_PROBLEM DESCRIPTION_.
An exact copy of the records is needed; please leave the images out.

_Stored items from a collection_.
• • • • • • •
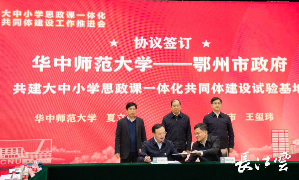 会上,教育部大中小学思政课一体化共同体(湖北省)建设正式揭幕。华中师范大学、鄂州市政府双方共同签署了大中小学思政课一体化共同体建设试验基地框架协议。鄂州市、武汉大学、华中科技大学、宜昌市教育局、红安县第一中学等五家单位作交流发言。
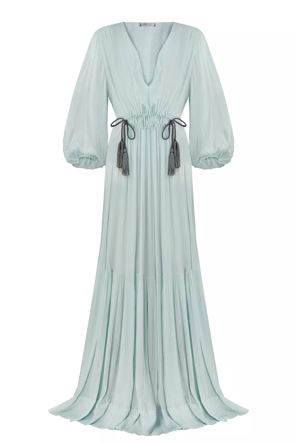 The Mayfei dress has such a romantic, bohemian vibe. Made from silk and chiffon, it's flounced, has a plunging neckline, and a drawstring waist to cinch in a relaxed shape.
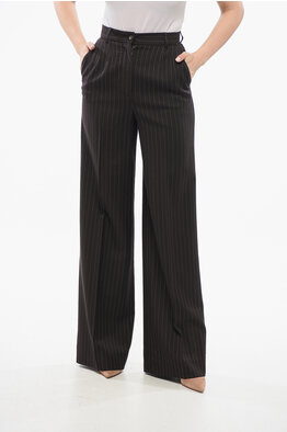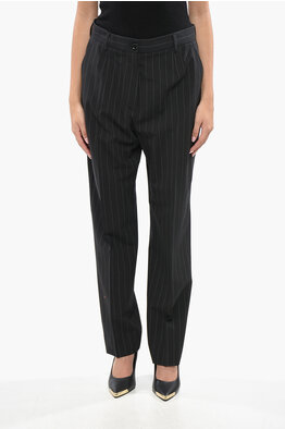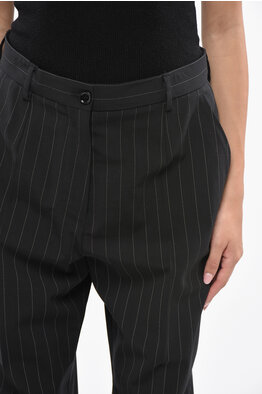 Pinstriped Double-Pleat Virgin Wool Trousers
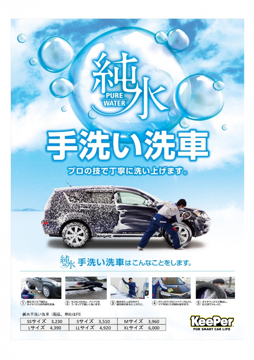 純水手洗い、キーパーコーティング、車検、各種作業を
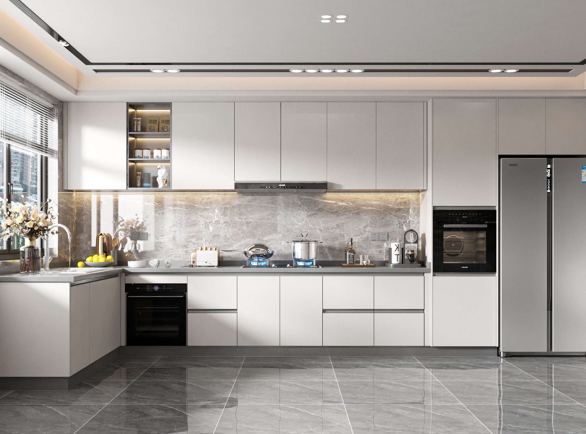 Kiểu dáng tủ bếp phổ biến nhất, phù hợp với nhiều không gian bếp khác nhau. Tủ bếp chữ L tận dụng tối đa diện tích góc bếp, mang lại sự gọn gàng và ngăn nắp.
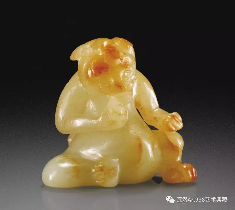 此類玉雕之超凡工藝隨少量傳世佳作得以流存,本品當屬個中極罕珍品,充分展現古代匠人技藝之絕。黃玉色澤瑩潤,神獸造型依原石形狀而出,雕工細膩巧妙,實為傑作。僅見一例,可相媲美,售於紐約蘇富比1979年11月2日,編號51,現為何鴻卿爵士收藏。1979年拍賣時此玉被定代六朝,後因其與1972年咸陽(今西安)漢元帝墓附近出土之玉闢邪風格相似,Jessica Rawson 將其重新定為漢代,參見 Jessica Rawson,《Chinese Jade from the Neolithic to the Qing》,倫敦,1995年,圖版26:7。此玉雕闢邪現藏咸陽市博物館,載於《中國文物精華大辭典:金銀玉石卷》,上海,1996年,頁54,圖版166。
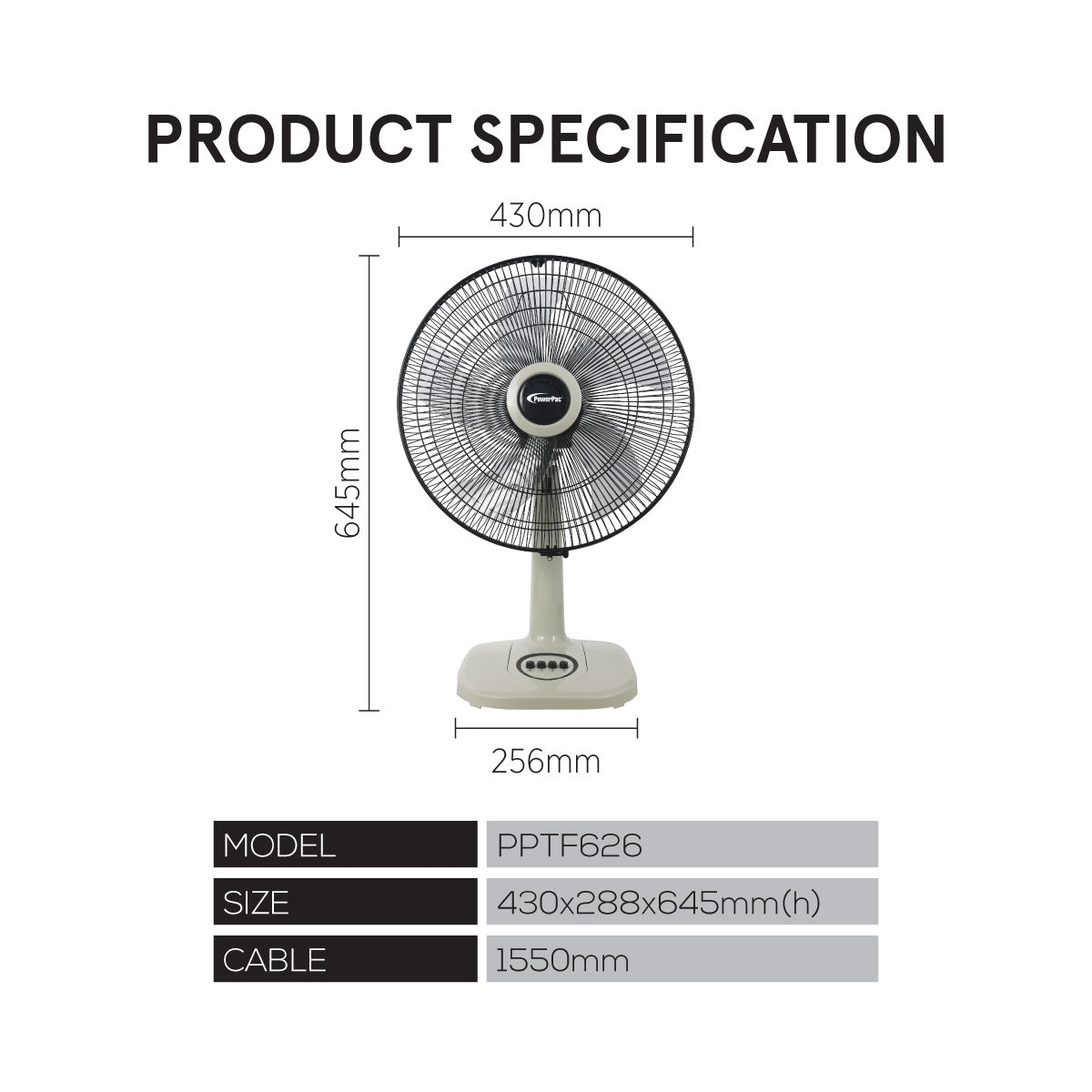 16 inch Portable Fan, Desk fan, Table Fan with Oscillation (PPTF626)
• • • • • • •
_TASK SOLUTION_.
 会上,教育部大中小学思政课一体化共同体(湖北省)建设正式揭幕。华中师范大学、鄂州市政府双方共同签署了大中小学思政课一体化共同体建设试验基地框架协议。鄂州市、武汉大学、华中科技大学、宜昌市教育局、红安县第一中学等五家单位作交流发言。
 The Mayfei dress has such a romantic, bohemian vibe. Made from silk and chiffon, it's flounced, has a plunging neckline, and a drawstring waist to cinch in a relaxed shape.
 Pinstriped Double-Pleat Virgin Wool Trousers
 純水手洗い、キーパーコーティング、車検、各種作業を
 Kiểu dáng tủ bếp phổ biến nhất, phù hợp với nhiều không gian bếp khác nhau. Tủ bếp chữ L tận dụng tối đa diện tích góc bếp, mang lại sự gọn gàng và ngăn nắp.
 此類玉雕之超凡工藝隨少量傳世佳作得以流存,本品當屬個中極罕珍品,充分展現古代匠人技藝之絕。黃玉色澤瑩潤,神獸造型依原石形狀而出,雕工細膩巧妙,實為傑作。僅見一例,可相媲美,售於紐約蘇富比1979年11月2日,編號51,現為何鴻卿爵士收藏。1979年拍賣時此玉被定代六朝,後因其與1972年咸陽(今西安)漢元帝墓附近出土之玉闢邪風格相似,Jessica Rawson 將其重新定為漢代,參見 Jessica Rawson,《Chinese Jade from the Neolithic to the Qing》,倫敦,1995年,圖版26:7。此玉雕闢邪現藏咸陽市博物館,載於《中國文物精華大辭典:金銀玉石卷》,上海,1996年,頁54,圖版166。
 16 inch Portable Fan, Desk fan, Table Fan with Oscillation (PPTF626)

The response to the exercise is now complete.